The other day, a business owner from Florida contacted me to discuss a problem employee. The employee in question is a well-paid Account Manager who oversees multiple landscape maintenance and landscape construction work crews. The owner informed me that the Account Manager has become increasingly difficult over the past 6-8 months, demonstrating reluctance if not blatant refusal to submit enhancements proposals and work order paperwork on time to the office staff, as well as publicly telling others in a condescending tone “don’t worry about what ’so and so’ tells you to do because she is nothing but an office worker.”

The owner has coached the difficult Account Manager about his behavior several times informally. But, because the Account Manager “always gets the number,” the owner does not want the Account Manager to feel bad, which may cause him to leave the company and potentially take some of his key employees and cherished clients to a competitor.

I explained to the owner that there are three common sets of goals employees are typically held accountable for achieving:

 

1) Outcome Goals

Standard empirical goals like: sales goals, gross margin goals, employee staffing goals, customer retention goals, and/or safety goals. These goals are typically quantitative in nature and easy to evaluate regarding feedback, rewards and recognition, and action planning.

2) Process Goals

These goals are procedural in nature and serve to keep internal systems (e.g., accounting, purchasing, safety) functioning in an efficient fashion.
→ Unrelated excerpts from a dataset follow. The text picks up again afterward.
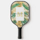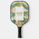 Monogramm moderner goldgrüner tropischer Blätter Pickleball Schläger
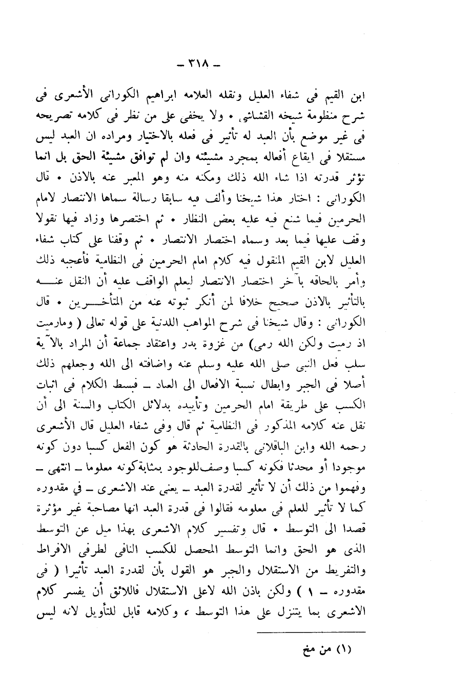 ثُمَّ وَقَفْنَا عَلَى كِتَابِ شِفَاءِ الْعَلِيلِ لِابْنِ الْقَيِّمِ الْمَنْقُولِ فِيهِ كَلَامُ إِمَامِ الْحَرَمَيْنِ فِي النِّظَامِيَّةِ فَأَعْجَبَهُ ذَلِكَ، وَأَمَرَ بِإِلْحَاقِهِ بِآخِرِ اخْتِصَارِ الِانْتِصَارِ ; لِيَعْلَمَ الْوَاقِفُ عَلَيْهِ أَنَّ النَّقْلَ عَنْهُ بِالتَّأْثِيرِ بِالْإِذْنِ صَحِيحٌ، خِلَافًا لِمَنْ أَنْكَرَ ثُبُوتَهُ عَنْهُ مِنَ الْمُتَأَخِّرِينَ. قَالَ الْكُورَانِيُّ: وَقَالَ شَيْخُنَا فِي شَرْحِ الْمَوَاهِبِ اللَّدُنِّيَّةِ عَلَى قَوْلِهِ - تَعَالَى - {وَمَا رَمَيْتَ إِذْ رَمَيْتَ وَلَكِنَّ اللَّهَ رَمَى} [الأنفال: 17] مِنْ غَزْوَةِ بَدْرٍ: وَاعْتِقَادُ جَمَاعَةٍ أَنَّ الْمُرَادَ بِالْآيَةِ سَلْبُ فِعْلِ النَّبِيِّ - صَلَّى اللَّهُ عَلَيْهِ وَسَلَّمَ - عَنْهُ وَإِضَافَتُهُ إِلَى اللَّهِ، وَجَعْلُهُمْ ذَلِكَ أَصْلًا فِي الْجَبْرِ، وَإِبْطَالُ نِسْبَةِ الْأَفْعَالِ إِلَى الْعِبَادِ. فَبَسَطَ الْكَلَامَ فِي إِثْبَاتِ الْكَسْبِ عَلَى طَرِيقَةِ إِمَامِ الْحَرَمَيْنِ، وَتَأْيِيدِهِ بِدَلَائِلِ الْكِتَابِ وَالسُّنَّةِ إِلَى أَنْ نَقَلَ عَنْهُ كَلَامَهُ الْمَذْكُورَ فِي النِّظَامِيَّةِ. ثُمَّ قَالَ: وَفِي شِفَاءِ الْعَلِيلِ: قَالَ الْأَشْعَرِيُّ - رَحِمَهُ اللَّهُ - وَابْنُ الْبَاقِلَّانِيِّ بِالْقُدْرَةِ الْحَادِثَةِ، هُوَ كَوْنُ الْفِعْلِ كَسْبًا دُونَ كَوْنِهِ مَوْجُودًا، أَوْ مُحْدَثًا، فَكَوْنُهُ كَسْبًا وَصْفٌ لِلْوُجُودِ بِمَثَابَةِ كَوْنِهِ مَعْلُومًا - انْتَهَى - وَفَهِمُوا مِنْ ذَلِكَ أَنْ لَا تَأْثِيرَ لِقُدْرَةِ الْعَبْدِ - يَعْنِي الْأَشْعَرِيَّ - فِي مَقْدُورِهِ كَمَا لَا تَأْثِيرَ لِلْعِلْمِ فِي مَعْلُومِهِ، فَقَالُوا فِي قُدْرَةِ الْعَبْدِ: إِنَّهَا مُصَاحِبَةٌ غَيْرُ مُؤَثِّرَةٍ قَصْدًا إِلَى التَّوَسُّطِ.
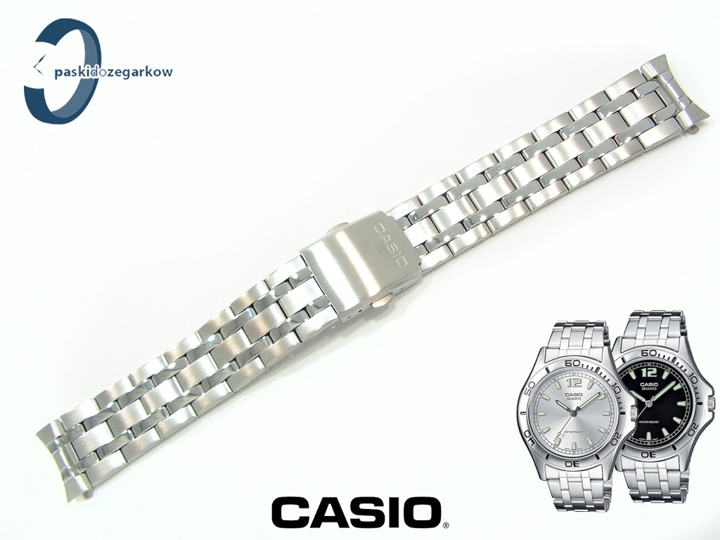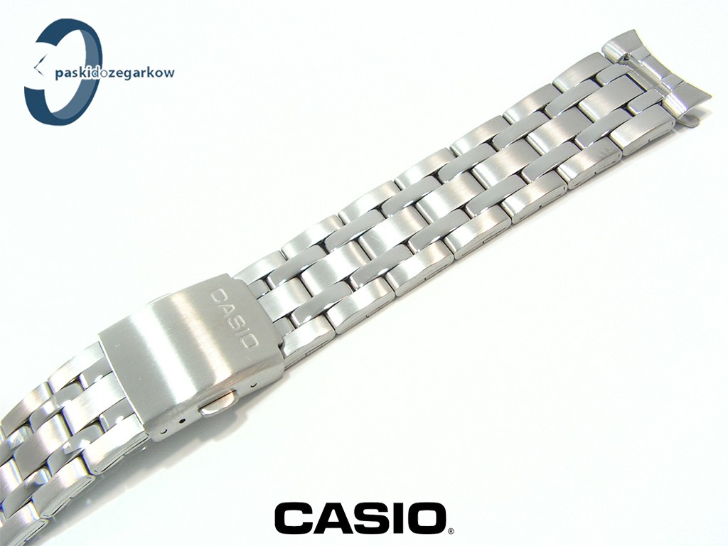 Oryginalna bransoleta do zegarka marki Casio MTP-1258D, wykonana ze stali nierdzewnej w kolorze srebrnym, na zapięciu wybity napis Casio, z maskownicami.
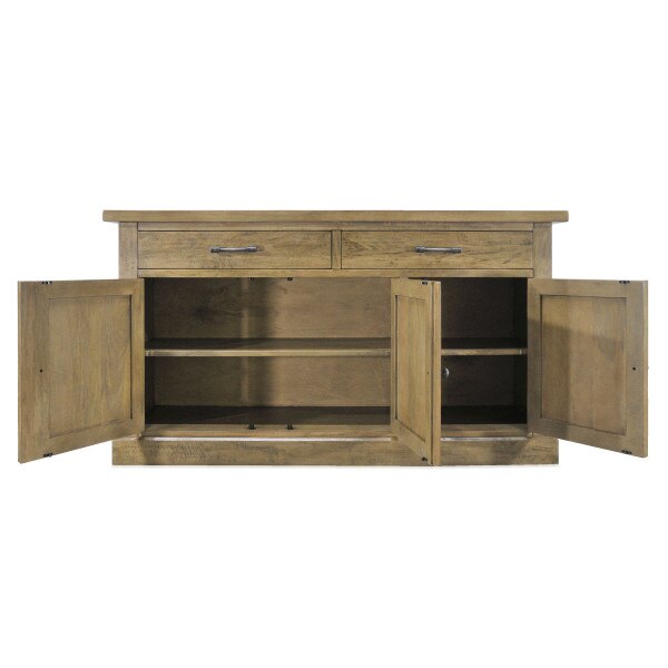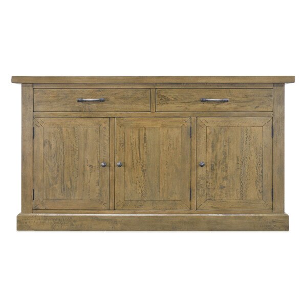 THIS BEAUTIFUL BOSQUET 3 DOOR/2 DRAWER BUFFET IS A GREAT OPTION TO ADD CHARACTER AND TEXTURE INTO YOUR HOME. COMING WITH A RUSTIC LIGHT FINISH, THIS CABINET SHOWS OFF THE WONDERFUL GRAIN AND WARMNESS OF THE WOOD, COMPLIMENTED BY METAL HANDLES.

These goals include: completing all new hire paperwork accurately and on time, bringing a proposal sheet to every walk-through, ensuring all vehicles and equipment are properly fueled at the end of each work shift, and submitting all approved timesheets by close of business on Friday.

3) Culture Goals

Unlike the previous two sets of goals, this goal type is less tangible, more personal, and often times under-reported. These goals include: treating employees with respect consistent with the company’s core values, offering to help other employees as an act of teamwork even if a formal request was not made, role modeling certain behaviors to other employees as a way to demonstrate a conscientious, professional, and ethical approach to one’s work performance.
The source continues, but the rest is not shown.